Au moment où l’Alleluia (Dies Sanctificatus[19]) va être entonné et où le doyen se prépare à prendre l’Evangile, je sens que tout disparaît et tourne autour de moi. Le sourire complaisant de Perotinus, les murs de Notre-Dame, les membres de la congrégation … tout coule…

 

Je reviens à moi, la tête dans une flaque d’eau.

Perotinus, en veston-cravate, se tient devant moi. Le badge épinglé à son revers porte l’inscription : “Pietro – bibliothèque Laurentienne”.

 Excusez-moi, je vous ai aspergé d’eau:  je ne parvenais pas à vous réveiller, dit-il.

Je m’excuse de mon comportement embarrassant, je promets de revenir plus tard, lorsque je serai, je l’espère, plus stable émotionnellement, et je décide de retourner à mon hôtel. Ai-je rêvé tout cela ?

Sur le chemin du retour, je pense à tout ce qui est arrivé, et glisse ma main dans ma poche. J’y trouve une pièce du temps de Philippe II de France …

 


[1] La Bibliothèque Laurentienne, basée sur une collection personnelle de la famille des Médicis, fut fondée sur l’ordre du pape Clément VII, qui en confia la décoration à Michel-Ange. C’est l’une des plus importantes bibliothèques du monde.

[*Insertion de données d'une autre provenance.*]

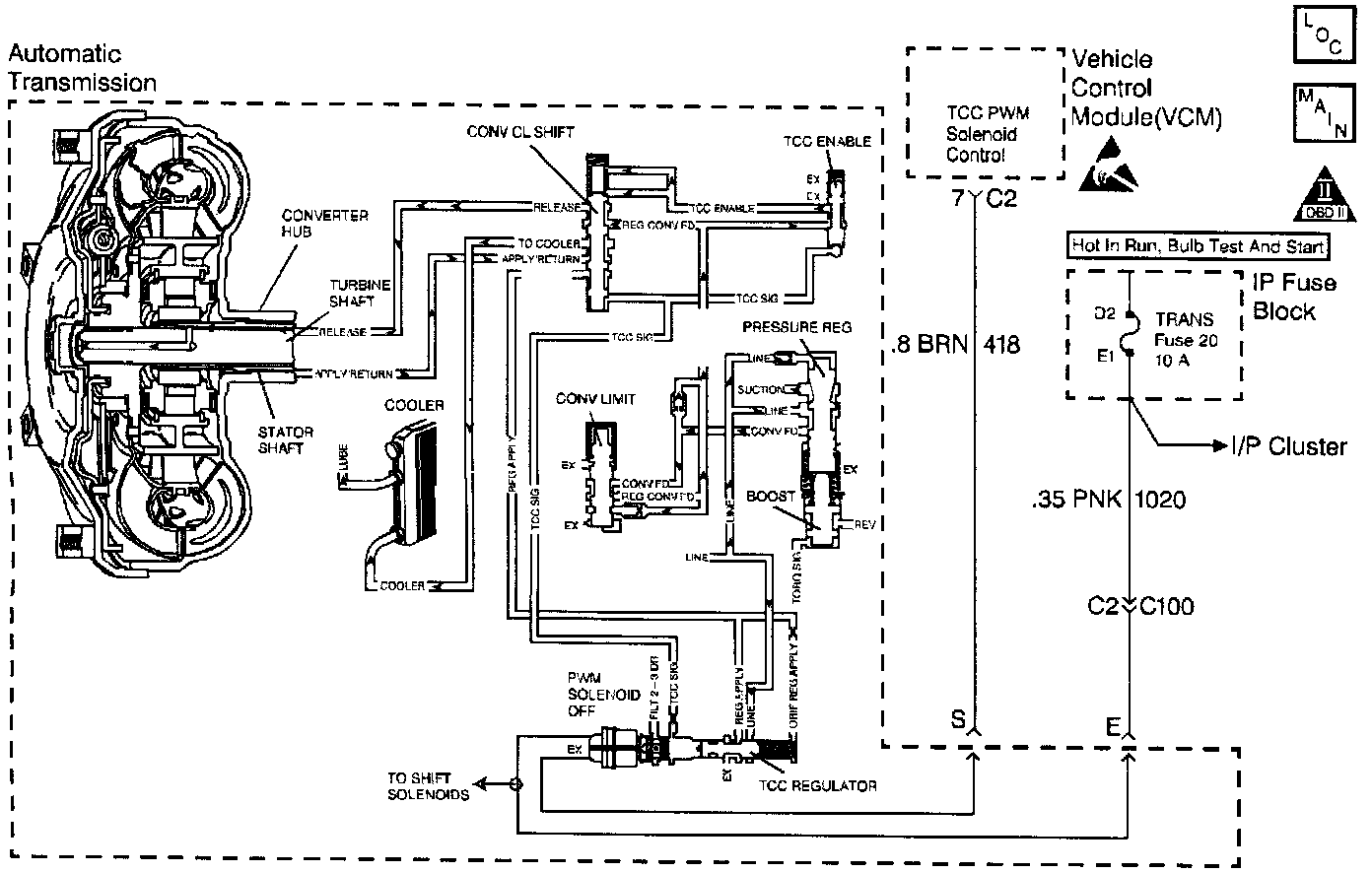 The TCC PWM Sol. Valve is de-energized by the VCM opening circuit 418. This action allows the TCC signal fluid to exhaust through the solenoid and blocks filtered 2-3 drive fluid from entering the TCC signal circuit. The loss of fluid pressure in the TCC signal circuit releases the TCC.

[2] Un ouvrage juridique en cinquante volumes commandé par l’Empereur Justinien.

[3] La plus ancienne version conservée (fin du VIIe siècle) de la traduction latine de la Bible par Saint Jérôme (connue sous le titre de la Vulgate).

[4] Le Magnus Liber Organi de Gradali et Antiphonario pro servitio divino est une collection de musique chorale médiévale (appelée organum) de l’école de Notre-Dame de Paris. Les seuls auteurs connus, rendus célèbres par « Anonyme IV » [l’auteur d’un important traité de théorie musicale médiévale, probablement anglais, rattaché à la Cathédrale Notre-Dame vers 1270/1280 – traducteur] sont Leoninus et Perotinus. Le Pluteus date du milieu du XIIIe siècle et fut copié et enluminé à l’atelier de Jean Grusch à Paris.

[5] Philippe II, dit Philippe Auguste, de la dynastie des Capétiens, régna de 1180 à sa mort en 1223.

[6] Né Lothar de Segni, pape de 1198 à sa mort en 1216.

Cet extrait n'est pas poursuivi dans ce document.